Kendati begitu, Tito masih penasaran sekali pada apa yang membuat burung-burungnya hilang. Maka malam itu ia begadang demi menemukan jawaban. Tito sembunyi di dalam rumah, duduk bersandar pada kursi di samping jendela. Dari balik gordeng hitam yang tipis ia bisa memperhatikan burungnya di luar. Sebungkus rokok dan tiga gelas kopi dihabiskan Tito dalam semalam. Juga se-sachet obat oles nyamuk. Tidak ada gerak-gerik mencurigakan hingga subuh menjelang, baik itu dari manusia maupun hewan pemangsa. Tito tersenyum lebar. Burungnya aman di sangkar.
Tito berangkat kerja dengan wajah yang cerah pagi itu, kantuk di pelupuk tak membuatnya lemas. Bedanya, kali ini, sebelum pergi, ia meminta tolong pada Tuti agar sesekali memperhatikan burung kenarinya. Tuti berjanji menyanggupi.
**
Hari sudah agak gelap ketika Tito pulang. Dan kedatangannya disambut oleh pemandangan yang menohok jantungnya. Sangkar burungnya tergeletak di lantai dengan keadaan kosong. Tito masuk ke rumah. Sepatu tidak dilepas. Hatinya sudah dikuasai amarah.
Di sela mencari Tuti, sekilas Tito melihat Agus tengah berdiri di depan kamarnya dengan satu kaki dengan masing-masing tangan menjewer kuping. Pikir Tito, paling-paling Agus berbuat salah sehingga Tuti menghukumnya.
“Tut, kau ini bagaimana, to? Kan aku sudah pesan tolong perhatikan burungku. Kau malah enak-enakan tidur di kamar. Sekarang apa kau tahu? Sangkar itu jatuh dan kenarinya sudah lepas?”

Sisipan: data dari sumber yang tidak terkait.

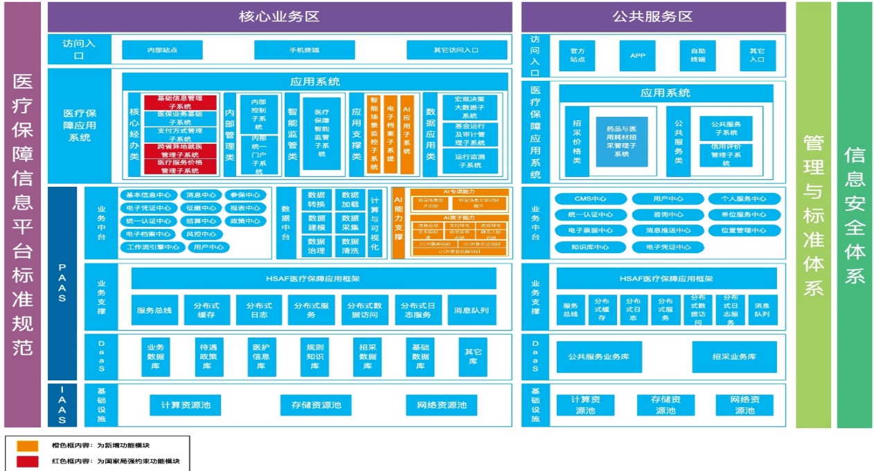 項目設計了基礎網絡設施建設、云支撐平臺和數據中臺建設、醫保信息數據庫,配置覆蓋內部管理、核心經辦、 招采價格、智能監管、數據應用、公共服務和應用支撐等七大類應用系統,統一省市兩級規范、數據標準和安全運維體系,并與國家醫保平臺打通。

“Bapak ini jangan langsung menuduh-nuduh aku, to! Tanyakan pada Agus soal burung Bapak itu!”
Tito mengernyit. “Maksudmu?”
“Iya, tanyakan saja langsung pada Agus. Aku malas menjelaskannya,” Tuti telanjur kesal karena Tito datang-datang langsung menyalahkannya begitu saja.
Dari tempatnya berdiri Tito berpaling ke Agus. “Gus, coba jelaskan apa maksud Ibu.”
Agus merunduk. Wajahnya pucat. Tampak ia sedang berupaya keras menyembunyikan dentam jantungnya yang bergemuruh hebat.